Silence, survival, speaking out
Survivors of Baptist sexual abuse come forward to help others
By John Tedesco, Lise Olsen, and Robert Downen
Multimedia by Marie D. De Jesús and Jon Shapley
Dillon Price once lived in a world of secrets and silence. It nearly killed him.
The secrets started when Price met Dan Haby Jr., a magnetic Southern Baptist preacher in Fort Worth. Price was just a teenager, but he bonded with Haby. He thought they shared a love of God.
Price and other boys spent so much time with Haby that they started staying the night at his house on weekends. Price slept on a couch the first few nights.

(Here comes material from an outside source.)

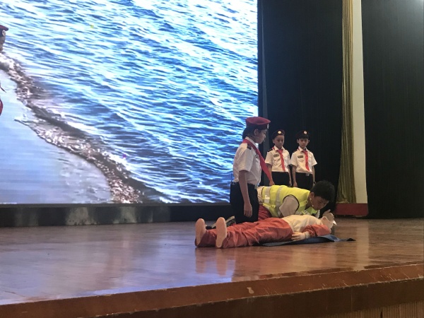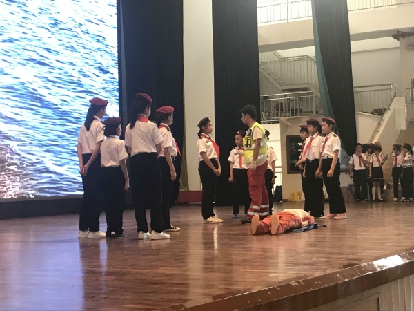 光后醫(yī)療輔助隊與校外輔導員馮子杰老師,為大家獻上了一場極具教育意義的情景劇《海灘急救》。配合背景視頻、故事講述,以及輔助隊隊員們的協(xié)作,展現(xiàn)出光后醫(yī)療輔助隊的專業(yè)精神與認真態(tài)度。

Then Haby suggested he sleep on a mattress in hisbedroom to be more comfortable. One night, Haby locked the door.
Price didn’t know what to do when Haby — a man he looked up to — began molesting him. Haby claimed the acts helped “relieve stress” and made him a better pastor.
Price kept quiet about the recurring abuse for years, even after he left Haby’s church and tried to move on with his life. But he couldn’t escape what had happened. He became suicidal.
“Silence is the worst thing,” said Price. “At the time, I didn’t know anything but silence.”
Price hopes the story of how he finally broke his silence and reported Haby to police can helpother survivors of sexual abuse as the Southern Baptist Convention struggles to weed out predators in its 47,000 churches in the United States.
Price and his mother were among 350 people who contacted the Houston Chronicle with their stories of abuse and of predatory behavior by officials based primarily in Southern Baptist churches after the February publication of “Abuse of Faith,” an investigation by the Chronicle and the San Antonio Express-News.
The series revealed that roughly 380 church pastors, employees and volunteers have been credibly accused of sexual misconduct, sued or convicted in criminal cases during the past two decades. They left behind more than 700 victims.
Survivors shared information about other criminal cases as well as abuse that went unpunished. With the help of readers, the Chronicle has identified additional cases that raise the number of those credibly accused to more than 400 — and added 45 criminal cases involving Southern Baptist church leaders and volunteers to our searchable, online database. It now includes convictions or plea deals involving more than 260 offenders.
Many survivors who contacted the Chronicle said they had felt alone until they read the articles.
Kingsley Brown reached out after spotting her father and abuser — a charismatic former Waco pastor named William Frank Brown – in a photo collage of offenders convicted of sex crimes.
“In these types of situations, a lot of people want to blame the church and turn away from the church and blame the Lord, and it is so easy for that to happen,” she said. “Our whole purpose is that this is an issue that needs to be addressed — it’s OK for you to come forward.”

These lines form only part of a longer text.